Repeat every line of the listing below exactly, minus the pictures.

## Collected data
- - -

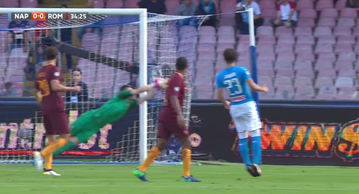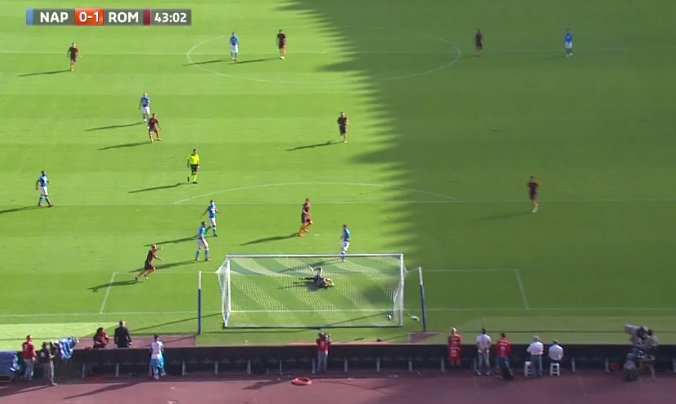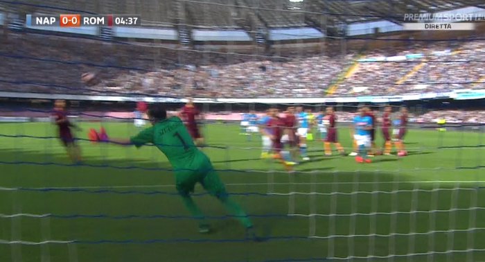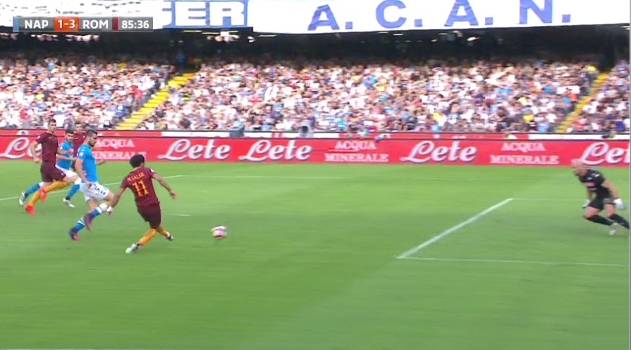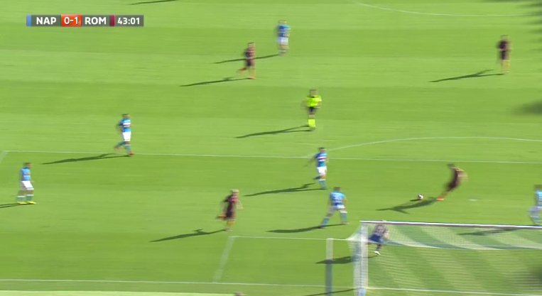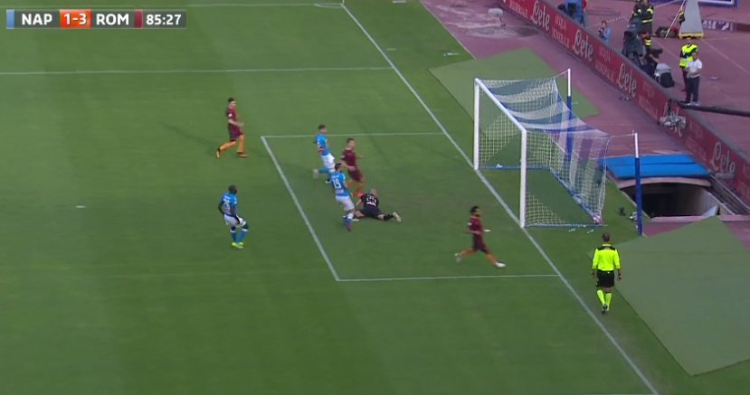 32′ – Assist di Salah per Dzeko, che scatta in posizione regolare (tenuto in gioco dalla linea difensiva del Napoli) ma non arriva sul pallone prima di Reina che si tuffa in uscita bassa. Poi il piede di richiamo di Dzeko tocca il volto del portiere che resta a terra: fallo, ma niente ammonizione
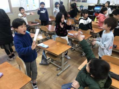 「英語活動」2回目の学習です。前の時間に歌ったHello songに慣れてきた様子で、子ども達はみんなノリノリで歌っていました。
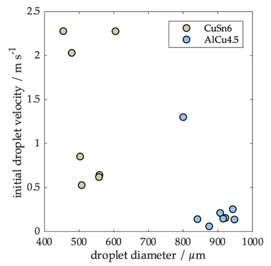 Droplets were produced at different droplet generation conditions via the drop-on-demand process (a detailed list of process conditions can be found in Table A2 and Table A3). Small droplets were generated in an ejection mode as they were formed inside the nozzle. The droplet formation mode changed to the jetting mode when the formation time was increased. In the jetting mode, a droplet was separated from a ligament outside the nozzle via inertia forces [22]. As a result, bigger droplets were formed. Since more energy was needed to create the surface energy of the ligament, less energy was available for the initial kinetic energy of the droplet. This effect is clearly visible in Figure 4 for the CuSn6 droplets, while most of the aluminum droplets are close to the minimum. As a result, we were able to analyze droplets of similar sizes, but with a very different initial velocity to study its effect.
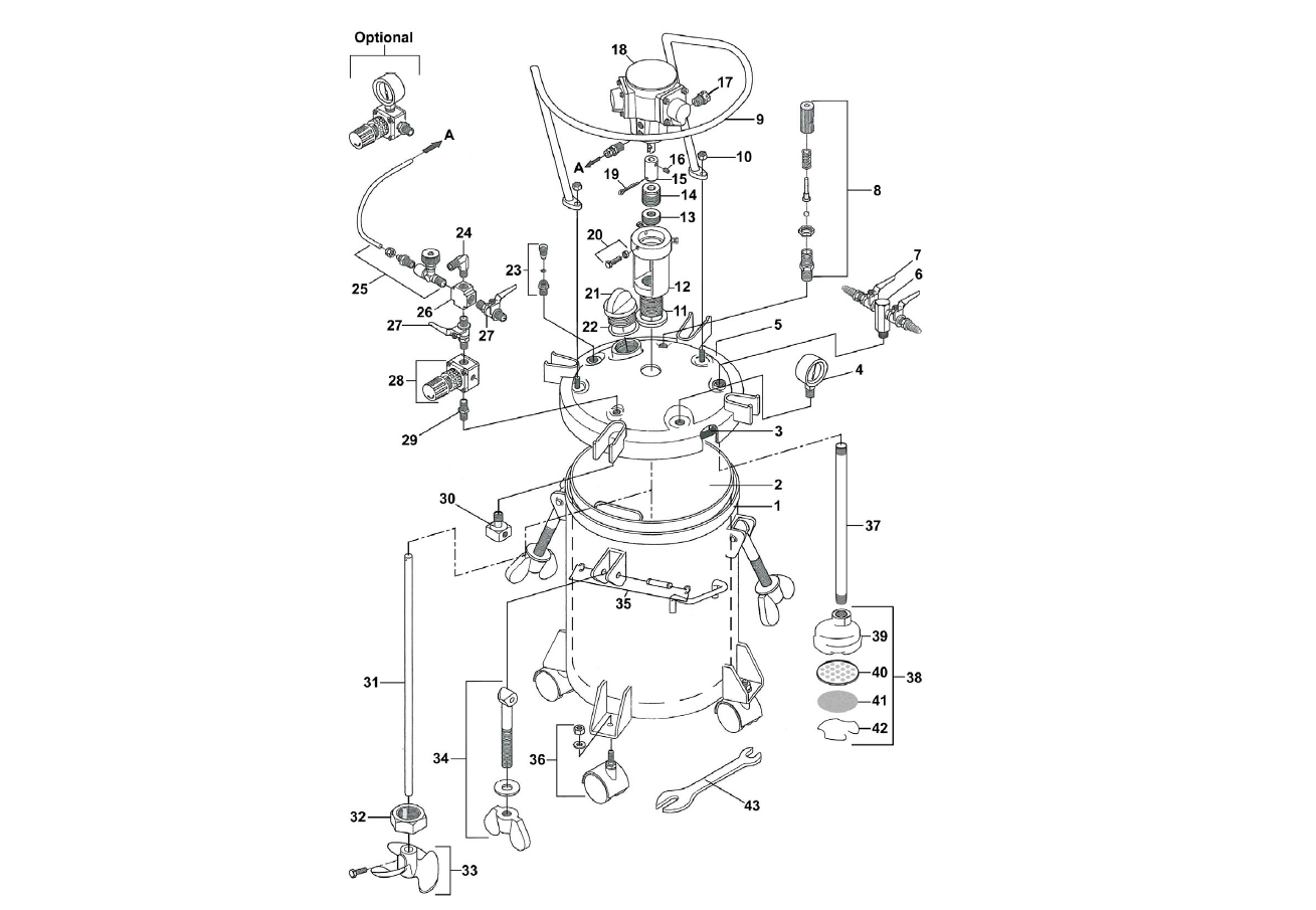 Note: This is a 12.5 gallon stainless steel non-ASME air agitated pressure tank. Use the parts list below to match item numbers to replacement parts.

- - -

## The completed task
 32′ – Assist di Salah per Dzeko, che scatta in posizione regolare (tenuto in gioco dalla linea difensiva del Napoli) ma non arriva sul pallone prima di Reina che si tuffa in uscita bassa. Poi il piede di richiamo di Dzeko tocca il volto del portiere che resta a terra: fallo, ma niente ammonizione
 「英語活動」2回目の学習です。前の時間に歌ったHello songに慣れてきた様子で、子ども達はみんなノリノリで歌っていました。
 Droplets were produced at different droplet generation conditions via the drop-on-demand process (a detailed list of process conditions can be found in Table A2 and Table A3). Small droplets were generated in an ejection mode as they were formed inside the nozzle. The droplet formation mode changed to the jetting mode when the formation time was increased. In the jetting mode, a droplet was separated from a ligament outside the nozzle via inertia forces [22]. As a result, bigger droplets were formed. Since more energy was needed to create the surface energy of the ligament, less energy was available for the initial kinetic energy of the droplet. This effect is clearly visible in Figure 4 for the CuSn6 droplets, while most of the aluminum droplets are close to the minimum. As a result, we were able to analyze droplets of similar sizes, but with a very different initial velocity to study its effect.
 Note: This is a 12.5 gallon stainless steel non-ASME air agitated pressure tank. Use the parts list below to match item numbers to replacement parts.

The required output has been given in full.